«Нет того греха тяжеле, коли кто волю свою продал. Все равно что душу».
Ко дню рождения русского писателя М.Е.Салтыкова-Щедрина (1826-1889)
Интересной все же личностью был Михаил Салтыков-Щедрин! Профессиональный государственник высшего класса (именно такие воспитывались в Царскосельском лицее) - чиновник особых поручений при Министерстве внутренних дел, вице-губернатор в Рязани и Твери. Именно там, в Рязани, он неоднократно заявлял: «Я не дам в обиду мужика! Хватит с него, довольно он уже терпел!», что стяжало ему славу социалиста и прозвище «Вице-Робеспьера».
Защита мужика проявлялась в его многочисленных сатирических сказках, рассказах, фельетонах, всячески подрывающих, по мнению цензуры, основы существующего строя. «Чрезмерное весёлонравие и кривлянье, шутовство относительно России, её истории, традиций, семьи и государственности», - утверждали ревнители устоев.
Писателя открыто ненавидели, называя сказочником, фантазером, даже карикатуристом, искажающим действительность, а в салтыковской сатире видели «некоторого рода ноздрёвщину и хлестаковщину с большою прибавкою Собакевича». Все писано на злобу дня, с авторскими, до этого неведомыми читателю неологизмами «головотяпство», «мягкотелый», «злопыхательство», «благоглупость», «халатный», «пенкосниматель»…
А вот «Пошехонская старина» - последний роман, написанный Салтыковым-Щедриным в самом конце его творческого и жизненного пути, стоит как-то наособицу: объемный мемуарно-биографический труд, на первый взгляд сродни «Детским годам Багрова-внука» Аксакова. Критики-современники не испытывали и грана сомнения в том, что «с октября знаменитый сатирик печатает в «Вестнике Европы» воспоминания о временах своего детства...».
Но в примечании к роману писатель настоятельно просит ни в коем случае не смешивать его самого со скромной персоной Никанора Затрапезного, от имени которого и ведется повествование. Не смешивать, однако, читателю сложно, поскольку Никашино детство в пошехонском родовом поместье Малиновец как в капле воды отражает многие впечатления, оставившие след в душе писателя:
«А знаете, с какого момента началась моя память? - спрашивал Салтыков своего знакомого, писателя Сергея Кривенко. - Помню, что меня секут, секут как следует, розгою... Было мне тогда, должно быть, года два, не больше»…
Воспоминания Никанора Затрапезного выглядят столь же удручающе и неправдоподобно, такой ли мы представляли себе жизнь дворянских детей в помещичьей усадьбе:
«Об опрятности не было и помина. Детские комнаты, как я уже сейчас упомянул, были переполнены насекомыми и нередко оставались по нескольку дней неметенными, потому что ничей глаз туда не заглядывал; одежда на детях была плохая и чаще всего перешивалась из разного старья или переходила от старших к младшим; белье переменялось редко.
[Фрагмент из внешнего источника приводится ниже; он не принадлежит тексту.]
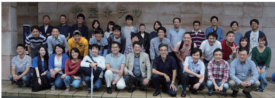
30年9月 研究室（+関連研究者）のリトリート「オルガネラ研究会」（鶴岡）
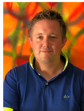
DEMOOR QUIÉRIEN P.5
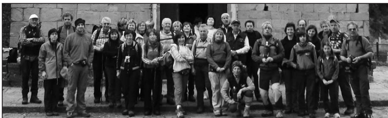
Il numeroso gruppo che ha partecipato alla gita.
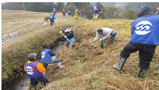
▲ 水路の刈り払い作業

本ニュースは、全国の皆さんの声をベースに発行していきます。「こんな取り組みしているよ」「今、現地はこうなっている」などの声や写真をぜひお寄せください。お待ちしております！
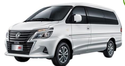
MICROBÚS M5 PANEL M5
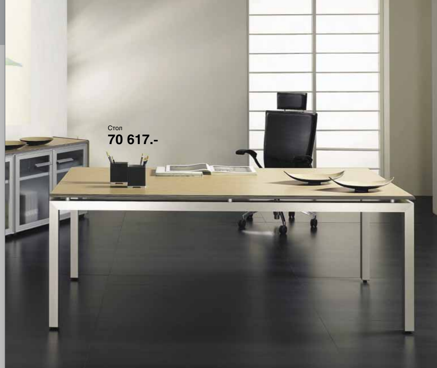
Стол 70 617,-

Вся мебель поставляется в разобранном виде, упакованная в гофрокартон и защитную пленку. Углы упаковки защищены накладками из ударопрочного пластика.
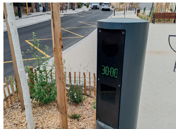
Zones minutées rue de la République
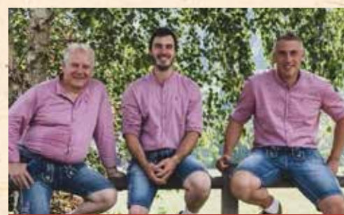
A tutto Folk con i SIVER MUSICH!
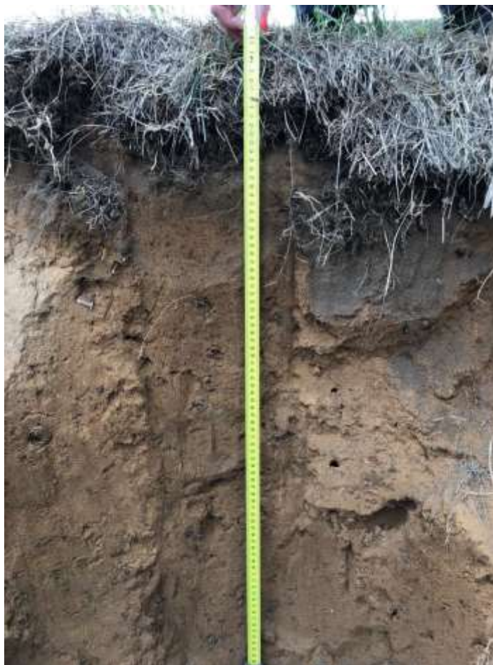
Рисунок 2.4.2 – Почвенный разрез

Мощность предполагаемого к снятию плодородного слоя почвы определена согласно рекомендациям Приложения 1 ГОСТ 17.5.3.06-85 «Охрана природы. Земли. Требования к определению норм снятия плодородного слоя почвы при производстве земляных работ» - 30 см.
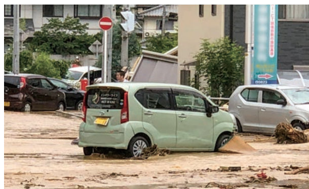
廃車になったグリーンの社用車

なっています。ご自宅へ出向く訪問看護、また人が集まる看多機。自分自身また家族の発熱により、休みを取らざるを得ないスタッフと出勤者の双方に心身の負担が続いています。身体的な面に加えて経済的な面、そして心理的な面。この状況を乗り越えるために自問自答して出した答えは豪雨災害で学んだ「人とのつながり」です。事業所内外また利用者様家族での情報共有、お互い様の精神でのスタッフ同士のフォロー体制、そして事業所としてできる対応を説明した上で利用者様家族への協力をお願い。「人とのつながり」でウィズコロナの社会を創っていきましょう。エンパワーライフは「住みなれた地域で最期まで過ごしたい」を実現するために「人とのつながり」をこれからも大切にしていきます。
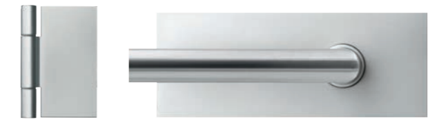
Impuls GTG Aluminium F1
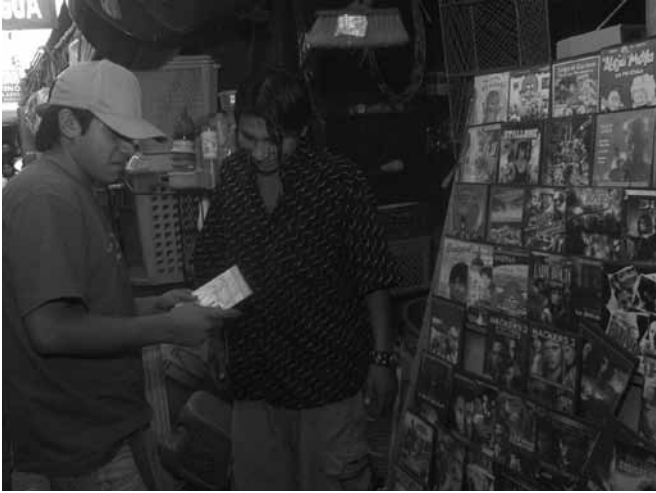
Reducción gradual de la tasa del IGV y del IPM de 19% a 16%, pues esta, al ser alta, promueve la informalidad y la evasión tributaria.

reales con el objetivo de reducir el pago de sus impuestos.

Прибавьте к этому прислугу, одетую в какую-то вонючую, заплатанную рвань, распространявшую запах, и вы получите ту невзрачную обстановку, среди которой копошились с утра до вечера дворянские дети».
«Пошехонская старина» его, — утверждал друг Салтыкова А. М. Унковский, — эта та самая среда и есть, в которой подрастал будущий сатирик. Действительно, этот уголок губернии был самым несчастным: крепостное право доходило в нем до ужаса... Помещики даже морили себя голодом из экономии».
«Пошехонская старина» - книга одновременно и страшная и потрясающе увлекательная, многослойная; по мнению многочисленных исследователей, таких слоев три: «хроника», включающая в себя картины жизни в помещичьей усадьбе, в которой главным героем является мракобесное крепостничество, «житие», повествующее о детстве рассказчика – Никанора Затрапезного и публицистика— «суд писателя-демократа над крепостническим строем». Звучит несколько пафосно, но философские отступления автора, суждения о рассказанном – настоящий исторический и социальный срез, документ, художественное отображение сути крепостных отношений без малейшего идиллического приукрашивания действительности.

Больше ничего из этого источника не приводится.